The methods by which physicians are currently trained to make medical decisions are not very different from those utilized one hundred years ago. Physicians undergo a long and arduous training process that heavily relies upon developing the individual’s knowledge base and experience. The amount of data available for today’s physicians to process, however, far exceeds the capacity of any individual and is increasing at a rapid rate. Advances in medical research have not only given us many more diagnostic and treatment options for long-standing diseases, but have also defined new diagnoses that add to the already expansive medical vocabulary. As our understanding of disease grows more granular, the management of patients is becoming increasingly complex. A physician in the intensive care unit will manage a range of 180 activities per patient per day (Institute of Medicine 2012). This rapidly accumulating knowledge base has allowed us to reimagine what medicine can accomplish, but also means that today’s physicians are required to know and do more than ever before to deliver the standards of care that we now expect from modern healthcare systems. The cognitive tools that physicians are given, however, have not advanced at the same rate, thus creating a critical need for newer tools to help physicians make clinical decisions.

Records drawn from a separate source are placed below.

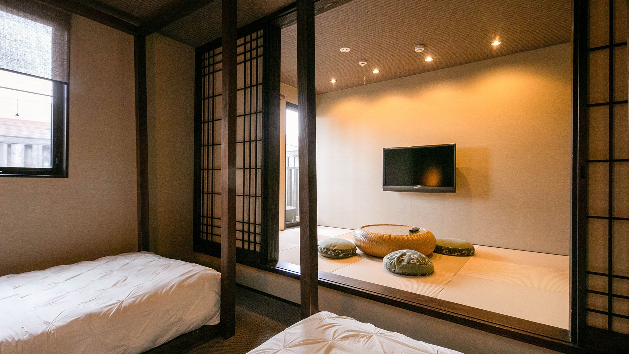 58平米の離れです。メゾネット、露天風呂、内風呂、専用水基、ベッドルーム(ハリウッドツイン1台)、リビングルーム、和室、洗浄機付きトイレ。※テラスにて喫煙可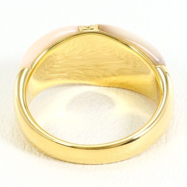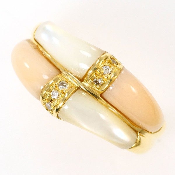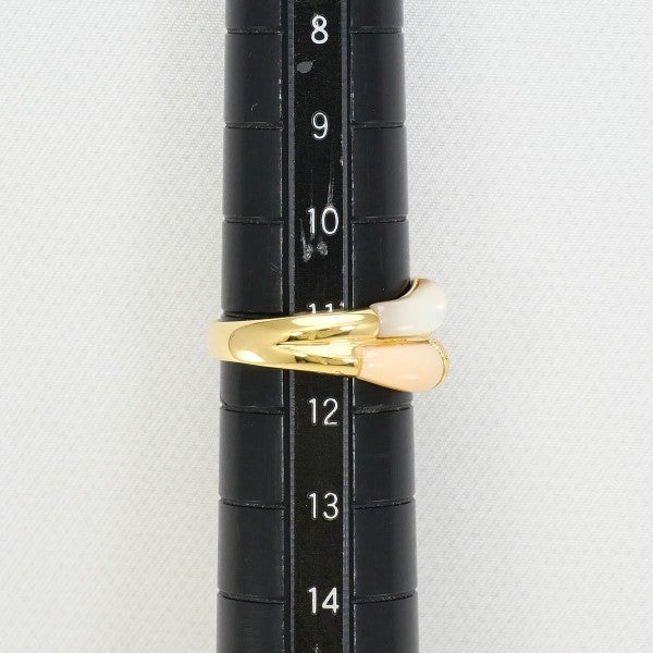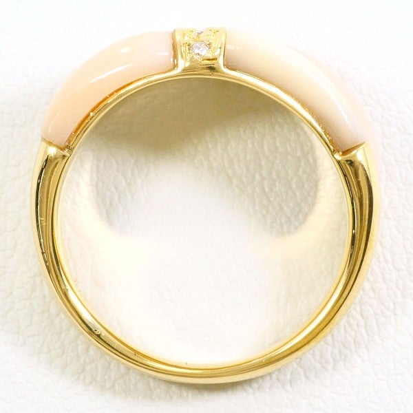 天然さんごを用いたこのリングは、柔らかな色合いが穏やかで上品な印象を与えます。白と淡いピンクが絶妙に組み合わさり、ゴールドの枠に映えて美しく調和しています。中央に配されたダイヤモンドが輝きを添え、落ち着いた雰囲気の中に高級感を引き立てています。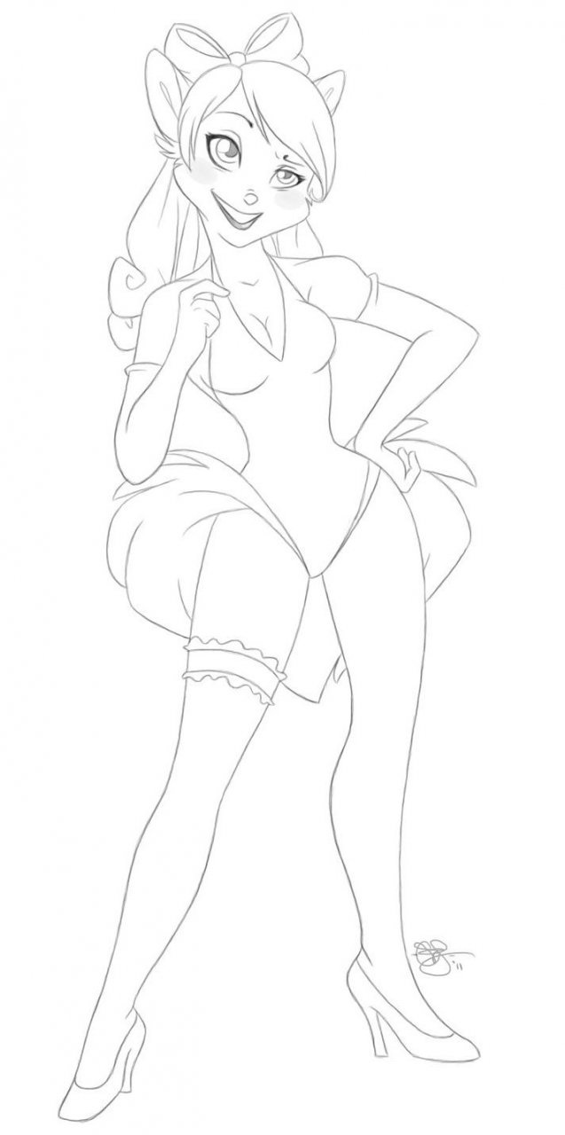 So forever ago I felt really inspired to draw and my bf suggested I do a pinup type sketch of my fursona KK. He said he thought it would be interesting to see her in the "Miss Kitty" outfit (from The Great Mouse Detective), so I doodled up a rough piece.

The promise of big data to address this need is driven by the increasing wealth of clinical data that is stored in the electronic medical record (EMR). Information such as patient histories, laboratory and imaging results, and medications are all stored electronically at the point of care. This critical mass of data allows for the development of clinical decision support computational tools that interact with the EMR to support physicians in making clinical decisions. The development of clinical decision support is an evolving field with different computational models that include earlier systems using probabilistic and rule-based models and newer data driven approaches that more effectively harness the power of big data.

2.2 Probabilistic Systems

The diagnosis of disease follows a Bayesian model. When approaching a new patient, a trained physician will come up with a list of potential diagnoses in order of likelihood, and adjust the probabilities of those diagnoses being present based on new information from the examination and diagnostic tests. A patient coming to the emergency room with chest pain could have anything from a heart attack to a muscle strain, but additional relevant information such as the character of the pain and the presence of elevated serum levels of cardiac enzymes will increase the posterior probability of the diagnosis being a heart attack and decrease that of the diagnosis being a muscle strain. Physicians use this mental model to diagnose diseases, but will often be affected by psychological biases. In the case of Mr. Williams, his physician mistakenly assigned a higher posterior probability to the diagnosis of anxiety as the cause of his elevated heart rate overnight, likely because she had just seen several other patients with anxiety. This phenomenon, known as the availability heuristic, is a common reason for misdiagnosis and physicians become increasingly susceptible to it when exhausted with data and tasks that exceed what can be processed by an individual person.

Probabilistic clinical decision support systems use computers to simulate the Bayesian model with which physicians are trained to think. For a presenting symptom, a computer can start by considering the prior probabilities of the differential diagnosis, which is typically based on the known prevalence of those conditions, and modify the posterior probabilities in a sequential approach based on new inputted data, such as symptoms and diagnostic test results (Shortliffe and Cimino 2014). These clinical decision support systems require a knowledge base of estimated conditional probabilities of a set of diseases for the pieces of data that are entered. VisualDx (Rochester, NY, USA) is an example of a commercially available probabilistic clinical decision support system that is designed to help users create a differential diagnosis at the point of care that is not affected by human error such as recall bias. A user can enter combinations of clinical data such as symptoms and laboratory results to generate lists of likely diagnoses that are ordered by their posterior probabilities.

2.3 Rule-Based Approaches

Rule-based clinical decision support systems rely on encoded concepts in a knowledge base that are derived from content experts to simulate recommendations that experts might provide. The knowledge base can include probabilistic relationships such as those between symptoms and diseases, and medications and side effects. For example, a commonly used rule-based clinical support system is the drug interaction alert system that is built into many modern EMRs. The system alerts the physician if a new medication ordered has an adverse interaction with an existing medication that the patient is taking. When the medication is ordered in the EMR, the action is then analyzed against a previously encoded knowledge base of all known medication interactions, which then triggers an alert. Knowledge bases can be created for specific diseases to create tools such as early disease detection systems. For example, many hospitals now use EMR embedded clinical decision support tools to detect severe sepsis, which is a life-threatening physiologic state that patients can develop when they have an infection. These alerts are powered by algorithms designed based on probabilistic rules derived from sepsis treatment guidelines (Rolnick et al. 2016). Such a clinical decision support system may have been able to help Mr. Williams’ physician recognize earlier that he had sepsis based on clinical data in the EMR that the physician did not otherwise notice, or could have initiated an alert when the physician ordered the first antibiotic that his previous urine culture grew a resistant antibiotic.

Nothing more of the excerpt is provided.